=== Section Start ===

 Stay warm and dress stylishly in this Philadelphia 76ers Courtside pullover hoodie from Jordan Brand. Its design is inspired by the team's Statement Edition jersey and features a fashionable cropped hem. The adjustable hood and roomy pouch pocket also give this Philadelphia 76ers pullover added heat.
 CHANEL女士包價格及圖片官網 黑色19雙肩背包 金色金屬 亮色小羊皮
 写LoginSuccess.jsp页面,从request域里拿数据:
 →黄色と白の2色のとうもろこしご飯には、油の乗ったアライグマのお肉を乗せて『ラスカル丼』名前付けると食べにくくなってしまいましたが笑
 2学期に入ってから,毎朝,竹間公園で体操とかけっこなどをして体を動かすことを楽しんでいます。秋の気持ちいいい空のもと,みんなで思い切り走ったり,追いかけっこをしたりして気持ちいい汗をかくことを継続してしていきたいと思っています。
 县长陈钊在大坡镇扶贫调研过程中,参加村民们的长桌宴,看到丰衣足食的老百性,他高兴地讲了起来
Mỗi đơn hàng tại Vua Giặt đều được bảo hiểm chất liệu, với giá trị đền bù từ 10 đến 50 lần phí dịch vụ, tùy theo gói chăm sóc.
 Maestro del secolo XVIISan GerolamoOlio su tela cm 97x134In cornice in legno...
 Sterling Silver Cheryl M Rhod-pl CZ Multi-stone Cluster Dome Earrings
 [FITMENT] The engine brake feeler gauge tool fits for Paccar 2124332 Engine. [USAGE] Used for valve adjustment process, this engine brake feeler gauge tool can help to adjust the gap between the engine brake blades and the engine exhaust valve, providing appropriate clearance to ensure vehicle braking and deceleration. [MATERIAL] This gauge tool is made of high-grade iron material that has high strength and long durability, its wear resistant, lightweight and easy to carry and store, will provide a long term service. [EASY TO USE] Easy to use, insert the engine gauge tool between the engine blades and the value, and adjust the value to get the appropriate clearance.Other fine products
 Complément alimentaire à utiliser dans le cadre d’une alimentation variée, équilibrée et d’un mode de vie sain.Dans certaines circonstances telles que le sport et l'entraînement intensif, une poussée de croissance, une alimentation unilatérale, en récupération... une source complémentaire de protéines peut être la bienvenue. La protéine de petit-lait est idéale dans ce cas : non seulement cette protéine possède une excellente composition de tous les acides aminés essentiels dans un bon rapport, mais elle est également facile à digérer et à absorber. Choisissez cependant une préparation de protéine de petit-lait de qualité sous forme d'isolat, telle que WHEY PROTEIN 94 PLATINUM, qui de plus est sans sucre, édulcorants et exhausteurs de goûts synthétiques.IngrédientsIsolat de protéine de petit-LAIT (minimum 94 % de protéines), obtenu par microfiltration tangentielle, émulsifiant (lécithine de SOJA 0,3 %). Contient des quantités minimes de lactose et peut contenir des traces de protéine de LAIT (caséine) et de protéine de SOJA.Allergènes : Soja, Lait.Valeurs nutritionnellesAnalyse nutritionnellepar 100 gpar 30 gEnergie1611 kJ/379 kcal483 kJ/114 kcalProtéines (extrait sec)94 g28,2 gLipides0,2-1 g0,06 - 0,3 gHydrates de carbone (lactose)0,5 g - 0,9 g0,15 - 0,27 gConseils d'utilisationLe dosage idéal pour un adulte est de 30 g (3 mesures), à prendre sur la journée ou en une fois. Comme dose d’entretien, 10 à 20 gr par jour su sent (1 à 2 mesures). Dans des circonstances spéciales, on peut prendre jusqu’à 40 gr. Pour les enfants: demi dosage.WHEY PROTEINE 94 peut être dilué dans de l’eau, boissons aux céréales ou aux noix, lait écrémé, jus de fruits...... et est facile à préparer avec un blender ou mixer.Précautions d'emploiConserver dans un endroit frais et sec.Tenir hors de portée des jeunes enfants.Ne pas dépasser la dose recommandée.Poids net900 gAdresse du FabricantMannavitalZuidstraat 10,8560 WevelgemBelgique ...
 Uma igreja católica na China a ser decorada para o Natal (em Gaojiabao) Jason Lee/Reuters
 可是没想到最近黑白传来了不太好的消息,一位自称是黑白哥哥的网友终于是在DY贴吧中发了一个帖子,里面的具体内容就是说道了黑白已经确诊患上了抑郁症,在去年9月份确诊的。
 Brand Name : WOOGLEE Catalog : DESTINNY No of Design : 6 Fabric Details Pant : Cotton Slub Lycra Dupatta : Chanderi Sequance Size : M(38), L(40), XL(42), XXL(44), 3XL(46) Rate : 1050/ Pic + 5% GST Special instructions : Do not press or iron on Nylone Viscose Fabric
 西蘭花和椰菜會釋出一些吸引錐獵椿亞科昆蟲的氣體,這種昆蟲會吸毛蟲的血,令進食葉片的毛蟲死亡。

=== Section End ===

YOUR INSTRUCTIONS >> Starting with the first line of the records, repeat every line up to and including the one containing "CHANEL女士包價格及圖片官網 黑色19雙肩背包 金色金屬 亮色小羊皮", and nothing else.

SOLUTION FOR THIS TASK >>
 Stay warm and dress stylishly in this Philadelphia 76ers Courtside pullover hoodie from Jordan Brand. Its design is inspired by the team's Statement Edition jersey and features a fashionable cropped hem. The adjustable hood and roomy pouch pocket also give this Philadelphia 76ers pullover added heat.
 CHANEL女士包價格及圖片官網 黑色19雙肩背包 金色金屬 亮色小羊皮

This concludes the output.